The Dictator's Moustaches
- First edition
- Author: Anna Russo
- Original title: Il baffo del dittatore
- Language: Italian
- Genre: Philosophical novel
- Publisher: Mursia
- Publication date: 2009
- Publication place: Italy
- Media type: Print
- Pages: 99 pages
- ISBN: 978-88-425-4460-9

= The Dictator's Moustaches =

Book by Anna Russo

The Dictator's Moustaches (Il baffo del dittatore) is a novel by writer Anna Russo. Published in 2009, the book looks at World War II from the viewpoint of a dog.

==Plot==
Taking place in World War II, People are starving, cold and frightened, no longer capable of feeling love.
An abandoned newborn is saved by a heroic little white dog.
The dog adopts the baby, calls him Arf and raises Arf among her four-legged friends.
The baby is half-dog, half-human and grows up to be strong, happy and above all to be unknowing of all the cruelty in the world.

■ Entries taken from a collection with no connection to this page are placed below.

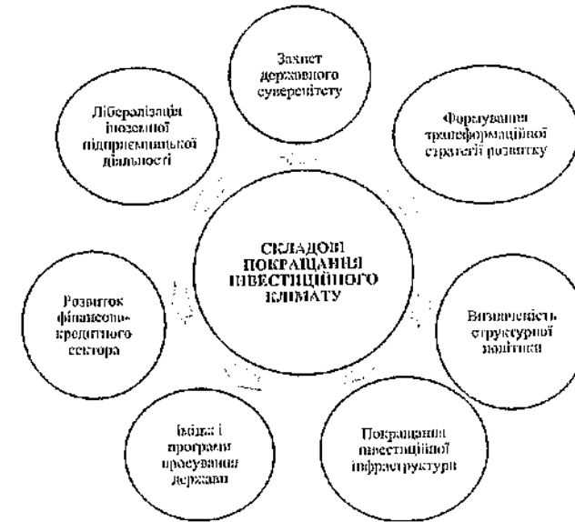
Рис. 2. Складові покращення інвестиційного клімату в Україні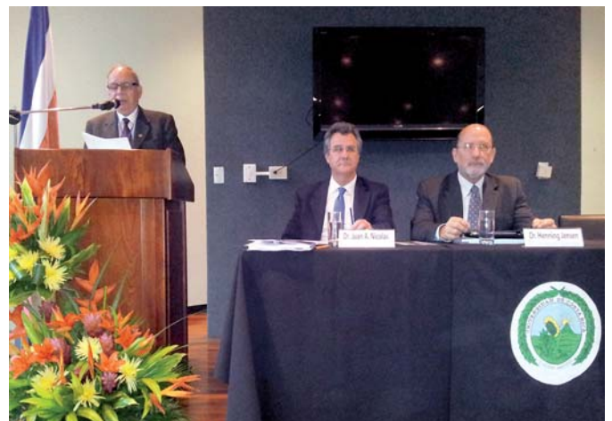
Acto de presentación de la Red Iberoamericana de investigadores sobre Leibniz presidido por el Rector de la Universidad de Costa Rica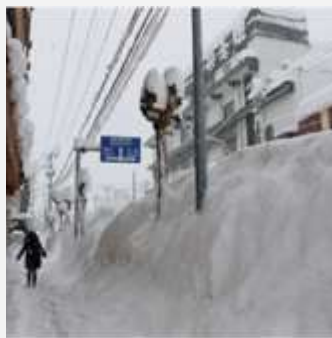
Tuyết lớn tháng 1 năm 2021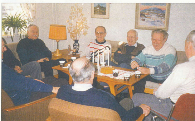
Cirkeln EU 1994.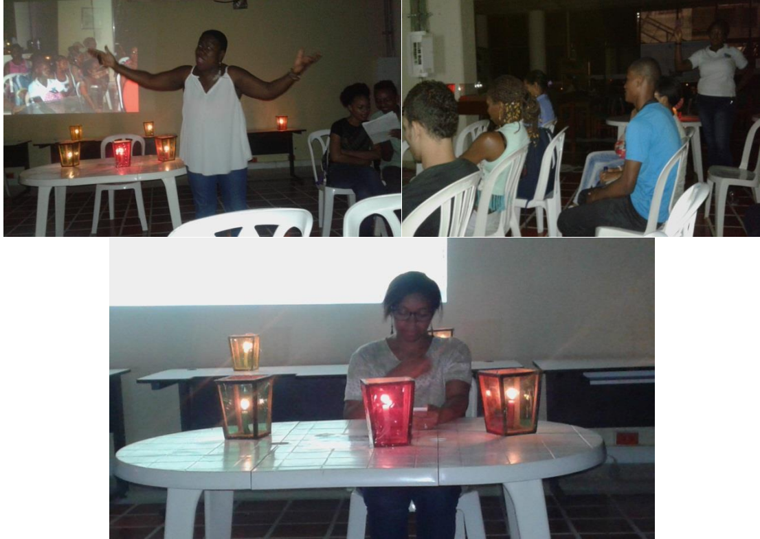
Imagen 2: Recital poetas Universitarios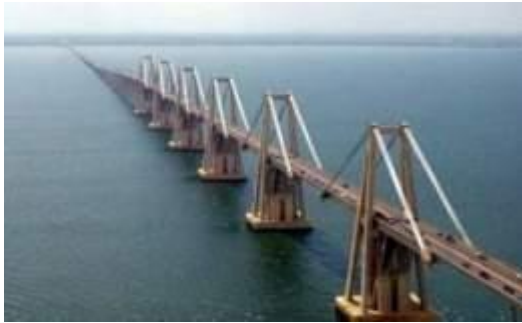
Slika 6: Most generala Rafaela Urdaneta

Most generala Rafaela Urdaneta, koji prelazi najuži dio jezera Maracaibo, u Zuliji, na sjeverozapadu Venezuele, i povezuje grad Maracaibo s ostatkom zemlje. Ime je dobio u čast generala Rafaela Urdaneta, junaka neovisnosti Venezuele. Jedan je od najvećih takve vrste na svijetu, drugi je najduži u Latinskoj Americi i zauzima 65. mjesto najduljeg na svijetu. 49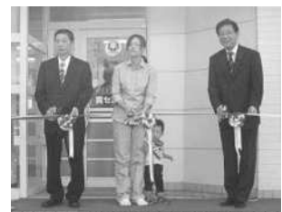
▲赤ちゃんの駅事業開始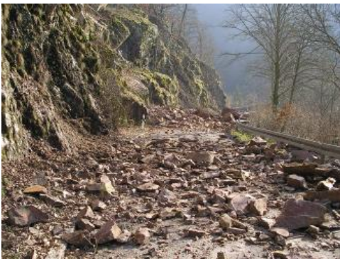
Felssturz an der Kreisstraße K6561 bei Berau

Bedingt durch das relativ steile Mittelgebirgsrelief sind gravitative Massenbewegungen die häufigsten geogenen Naturgefahren im Schwarzwald. An felsigen Steilhängen der Täler im kristallinen Grundgebirge sowie im Ausstrichbereich des Buntsandsteins ist häufig mit Sturzereignissen zu rechnen. Zeugen vergangener Ereignisse sind zahlreiche Blockfelder und Felsenmeere, die im gesamten Gebiet des Schwarzwalds zu finden sind.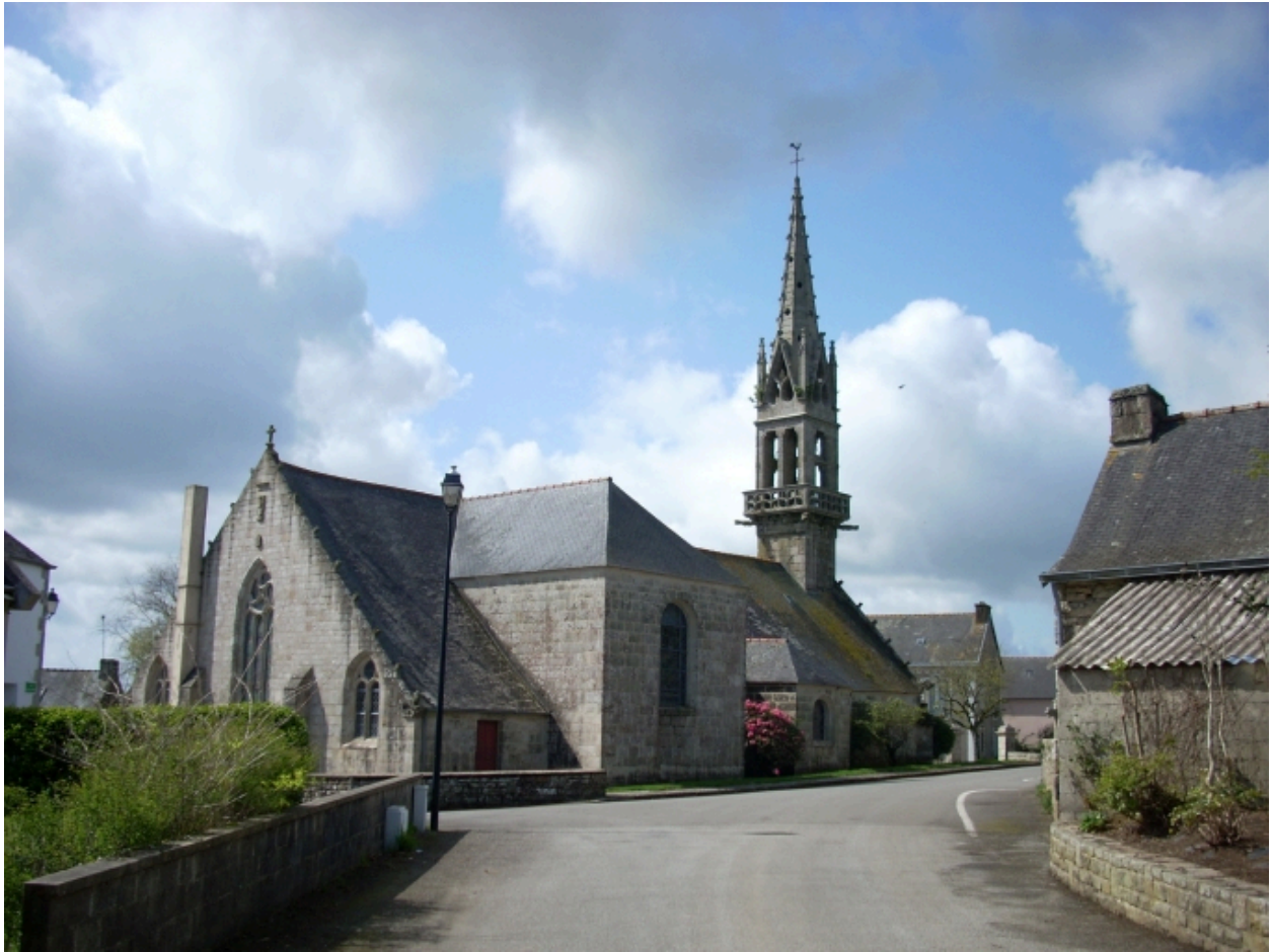
Langolen, église paroissiale Saint-Gunthiern : vue générale nord-est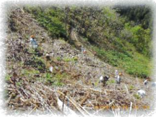
かなりの急斜面です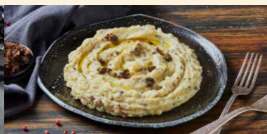
PIURE CU TRUFE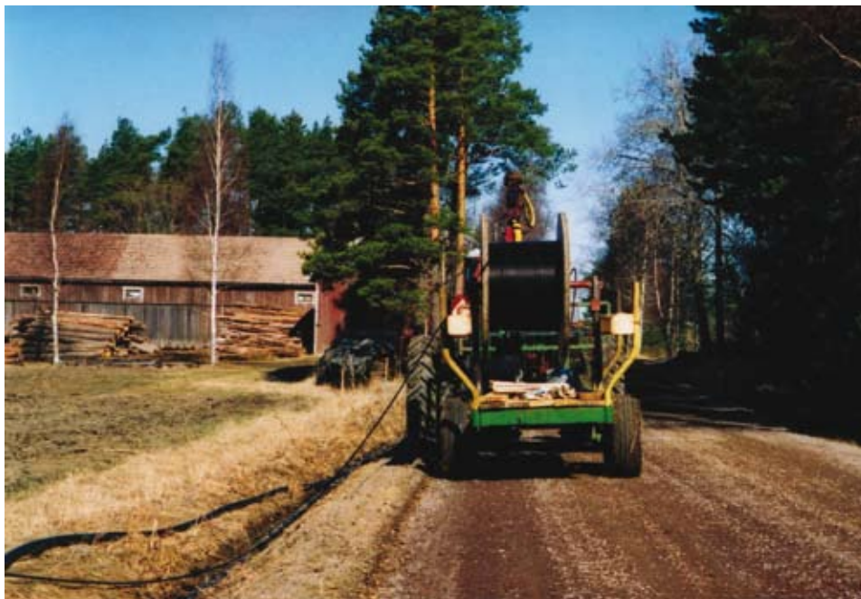
Fiberkabel rullas ut i dike i Hindersby.

F ibernät avgör om unga kan och vill flytta tillbaka till landsbygden. Men tro inte att marknadskrafterna tar hand om landsbygden, säger Nisse Husberg i Hindersby, där bönderna byggt ett eget fibernät.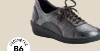
BR-3047 • 35 au 42 DIABÈTE | HALLUX VALGUS POLYARTHRITE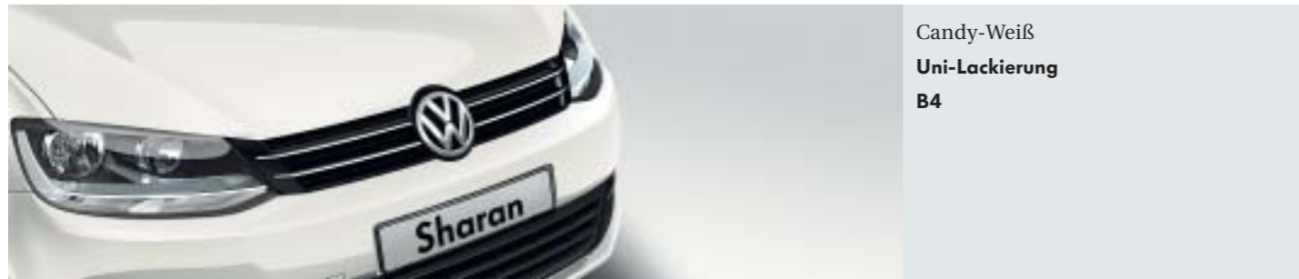
Candy-Weiß Uni-Lackierung B4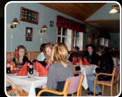
Julemiddag – s. 16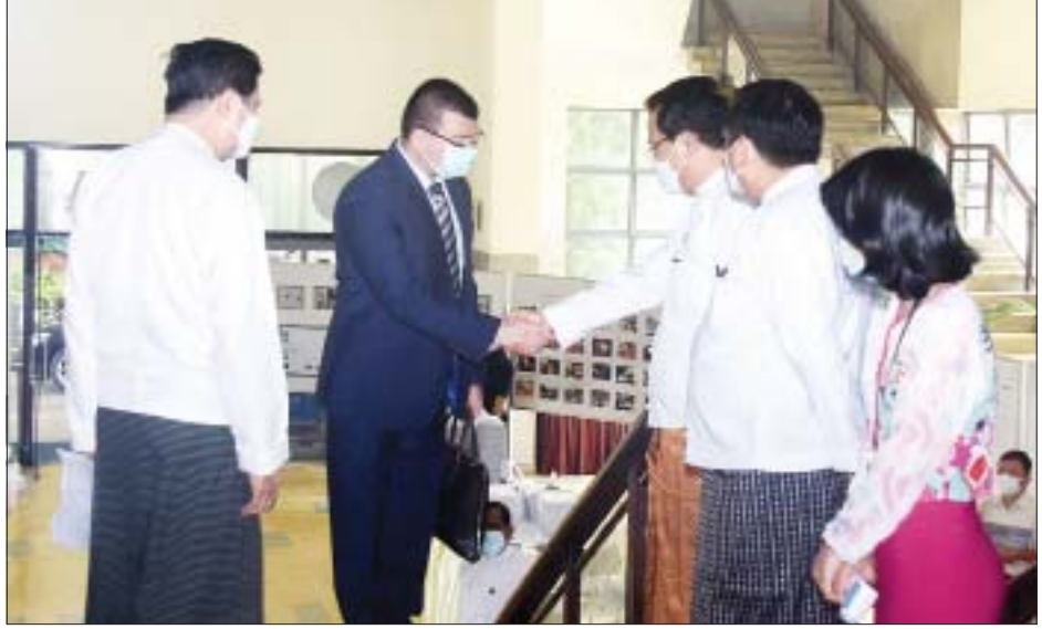
ပြည်ထောင်စုဝန်ကြီး ဦးမောင်မောင်အုန်း မြန်မာနိုင်ငံအခြေစိုက် နိုင်ငံခြားသံရုံးများမှ သံအမတ်ကြီးများနှင့် သံတမန်များအား ရင်းရင်းနှီးနှီး ကြိုဆိုနှုတ်ဆက်စဉ်။

၏ တစ်ဦးချင်းစီနှင့် အဖွဲ့အစည်းများက စေတနာသဒ္ဓါတရား ထက်သန်စွာဖြင့် ထည့်ဝင်လှူဒါန်းမှု၊ လိုအပ်သည့် လုပ်ငန်းစဉ်အသီးသီးတွင် စေတနာ့ဝန်ထမ်းများအဖြစ် အားကြီးမာန်တက် ပါဝင်ဆောင်ရွက်မှု၊ ပြည်သူပြည်သားများ၏ တစ်ဦးချင်းစီ စည်းကမ်းလိုက်နာမှုများသည် ကိုဗစ်ရောဂါ ကာကွယ်ရေးကို ထိရောက်စွာ အထောက်အကူပြုခဲ့ကြောင်း တွေ့ရမှာဖြစ်ပါကြောင်း။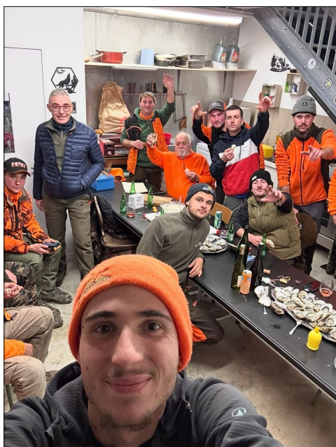
Les chasseurs dans leur nouveau local

Les chasseurs de l'ACCA ont désormais investi leur nouveau local dans le bâtiment communal. Après quelques aménagements réalisés pour optimiser l'espace, il est désormais pleinement opérationnel et apprécié des membres.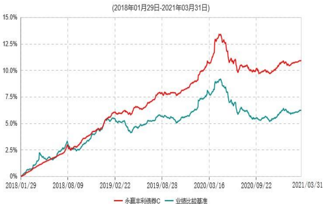
永赢丰利债券C累计净值增长率与业绩比较基准收益率历史走势对比图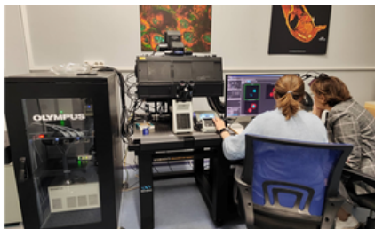
Конфокальный лазерный сканирующий микроскоп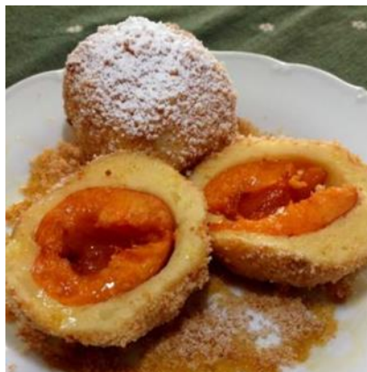
En typisk Marillen ( Aprikosen) Knødel

One day, the boy is discovered, arrested and taken to a prison camp. The camp is turned upside down by Arf's innocence, the innocence of someone who has never had anything at all.
He confuses the prison guards and upsets all the rules.
When one day, by chance, the Führer shows up in person in the camp, it seems that Arf can even change the course of the war.